What you have to do:
Please print every record exactly as it stands, leaving out the pictures.

Extracted records:
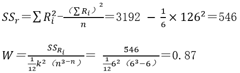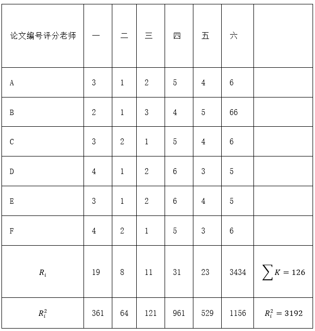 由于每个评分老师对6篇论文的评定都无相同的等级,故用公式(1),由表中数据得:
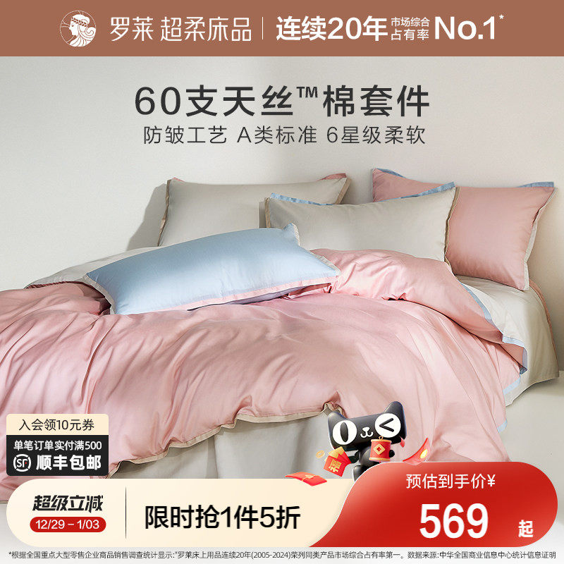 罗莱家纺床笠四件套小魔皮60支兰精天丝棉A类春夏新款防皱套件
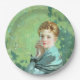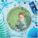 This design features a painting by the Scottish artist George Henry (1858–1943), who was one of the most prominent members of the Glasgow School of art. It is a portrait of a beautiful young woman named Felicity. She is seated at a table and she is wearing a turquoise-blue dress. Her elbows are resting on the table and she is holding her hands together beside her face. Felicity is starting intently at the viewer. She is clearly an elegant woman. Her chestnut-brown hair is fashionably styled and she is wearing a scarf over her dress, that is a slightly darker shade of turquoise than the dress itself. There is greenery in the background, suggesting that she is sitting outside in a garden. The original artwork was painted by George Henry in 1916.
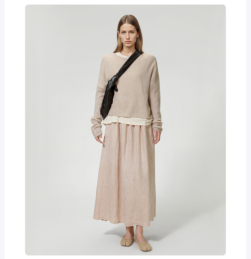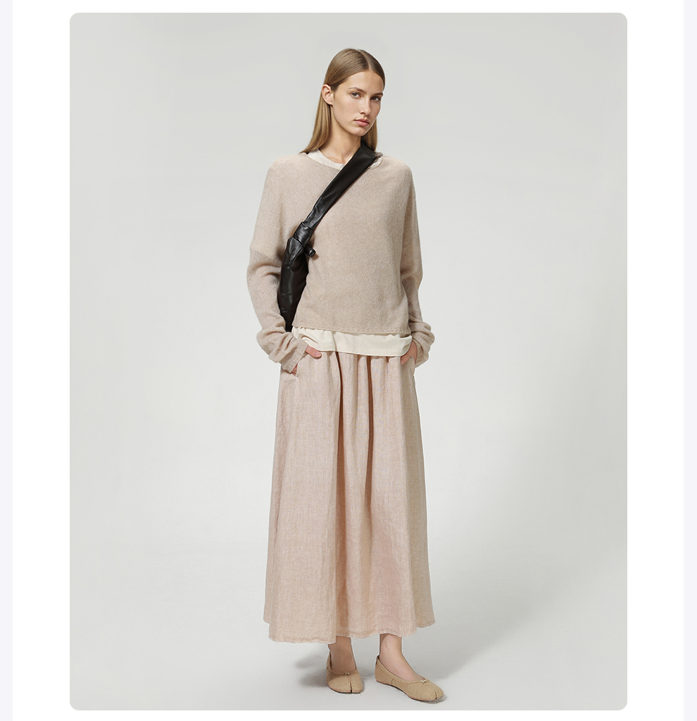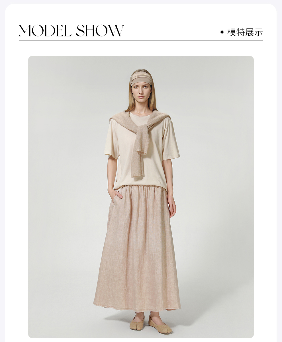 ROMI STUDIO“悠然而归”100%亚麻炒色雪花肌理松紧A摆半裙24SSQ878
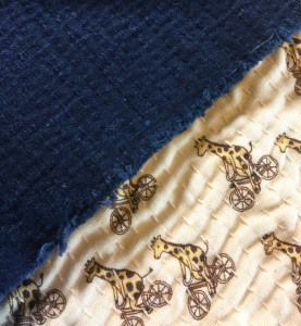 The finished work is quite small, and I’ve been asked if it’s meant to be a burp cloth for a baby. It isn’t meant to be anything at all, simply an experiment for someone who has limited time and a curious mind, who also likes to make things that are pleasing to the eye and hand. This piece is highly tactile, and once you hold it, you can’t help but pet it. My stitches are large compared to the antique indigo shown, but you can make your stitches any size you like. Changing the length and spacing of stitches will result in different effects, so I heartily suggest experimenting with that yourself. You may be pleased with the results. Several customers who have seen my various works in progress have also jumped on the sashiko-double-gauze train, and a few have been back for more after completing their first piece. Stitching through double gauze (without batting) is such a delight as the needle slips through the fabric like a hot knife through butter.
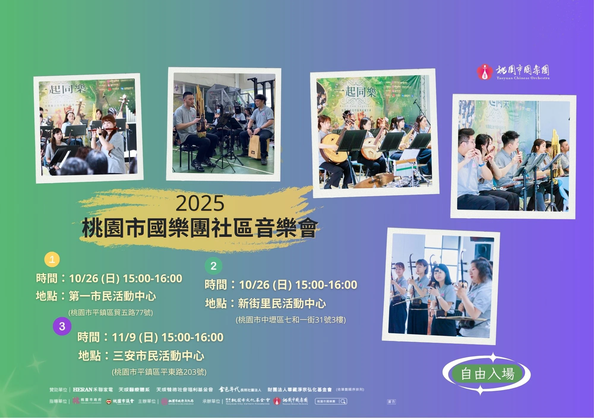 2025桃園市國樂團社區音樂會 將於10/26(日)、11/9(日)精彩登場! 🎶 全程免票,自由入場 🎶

Written response:
 由于每个评分老师对6篇论文的评定都无相同的等级,故用公式(1),由表中数据得:
 罗莱家纺床笠四件套小魔皮60支兰精天丝棉A类春夏新款防皱套件
 This design features a painting by the Scottish artist George Henry (1858–1943), who was one of the most prominent members of the Glasgow School of art. It is a portrait of a beautiful young woman named Felicity. She is seated at a table and she is wearing a turquoise-blue dress. Her elbows are resting on the table and she is holding her hands together beside her face. Felicity is starting intently at the viewer. She is clearly an elegant woman. Her chestnut-brown hair is fashionably styled and she is wearing a scarf over her dress, that is a slightly darker shade of turquoise than the dress itself. There is greenery in the background, suggesting that she is sitting outside in a garden. The original artwork was painted by George Henry in 1916.
 ROMI STUDIO“悠然而归”100%亚麻炒色雪花肌理松紧A摆半裙24SSQ878
 The finished work is quite small, and I’ve been asked if it’s meant to be a burp cloth for a baby. It isn’t meant to be anything at all, simply an experiment for someone who has limited time and a curious mind, who also likes to make things that are pleasing to the eye and hand. This piece is highly tactile, and once you hold it, you can’t help but pet it. My stitches are large compared to the antique indigo shown, but you can make your stitches any size you like. Changing the length and spacing of stitches will result in different effects, so I heartily suggest experimenting with that yourself. You may be pleased with the results. Several customers who have seen my various works in progress have also jumped on the sashiko-double-gauze train, and a few have been back for more after completing their first piece. Stitching through double gauze (without batting) is such a delight as the needle slips through the fabric like a hot knife through butter.
 2025桃園市國樂團社區音樂會 將於10/26(日)、11/9(日)精彩登場! 🎶 全程免票,自由入場 🎶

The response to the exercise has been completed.